Some “tools of the trade” are specific. Carpenters need hammers. Programmers need computers. Good business information systems, however, are a critical tool for all businesses. They allow you to monitor profitability, manage inventory and products, respond to customer demands, improve financial management and provide banks, partners, investors and key stakeholders with vital and timely information.
Well designed and implemented business information systems should provide the information management and outside parties need to make informed and timely decisions about the operating health of the company.
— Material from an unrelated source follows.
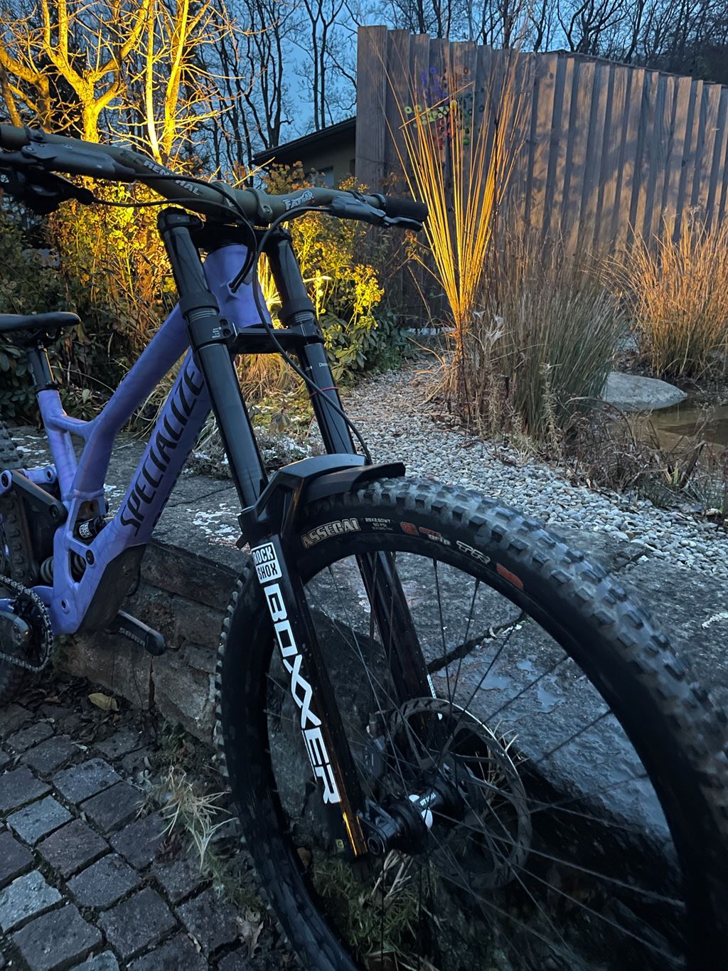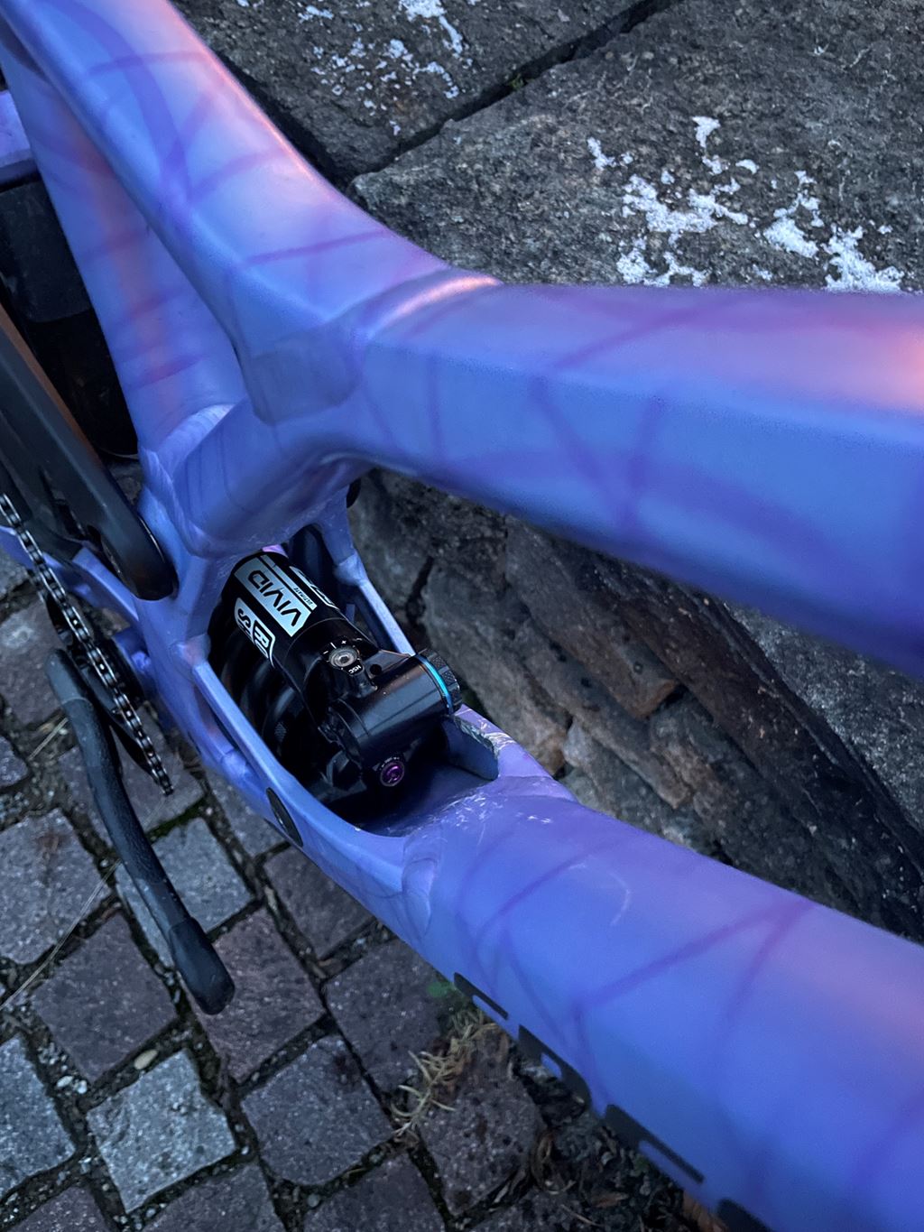 - Das Bike ist etwa 1.5 Jahre alt. Es ist frisch ab Service (inkl. Gabelservice). Kassette, Kette, Lenkkopflager, Schaltauge, Felge hinten, Speichen hinten, Bremsbeläge sind alles neu. Gabel und Dämpfer wurden im April 2025 auf Rock Shox umgebaut. Der Rahmen wurde aufgrund des Dämpfers etwas abgeschliffen (wurde von einem Fahrradmechaniker durchgeführt). Züsätzlich wurden noch eine Sram Maven BRZ angebracht. Bis auf den Lack in Top Zustand.
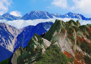 白馬大出吊橋公園より白馬鑓・杓子岳

The old adage “Knowledge is Power” is especially relevant when, for example, a business owner considers the
need to have information available to assess the profitability of a new product they are selling or their bank needs timely and accurate financial information about the company to assess the borrowing capacity before the owner undertakes a significant expansion.
In addition, better use of company resources and quicker response time to customers can be a significant competitive advantage to companies that implement effective systems to automate routine business tasks. Businesses however do need to undergo a strong analysis of the return on investment of implementing a new system; as many companies can historically attest to, not all investments in technology end up saving the time or money that was originally expected.
And, most importantly, remember that a business information system is only as good as the people supporting and using it; the best designed systems are useless if no one in the company can figure out how to access the right reports or input information into the system correctly. More often than not, a system fails not because the software itself was designed poorly, but because the users were never trained correctly on the system in the first place.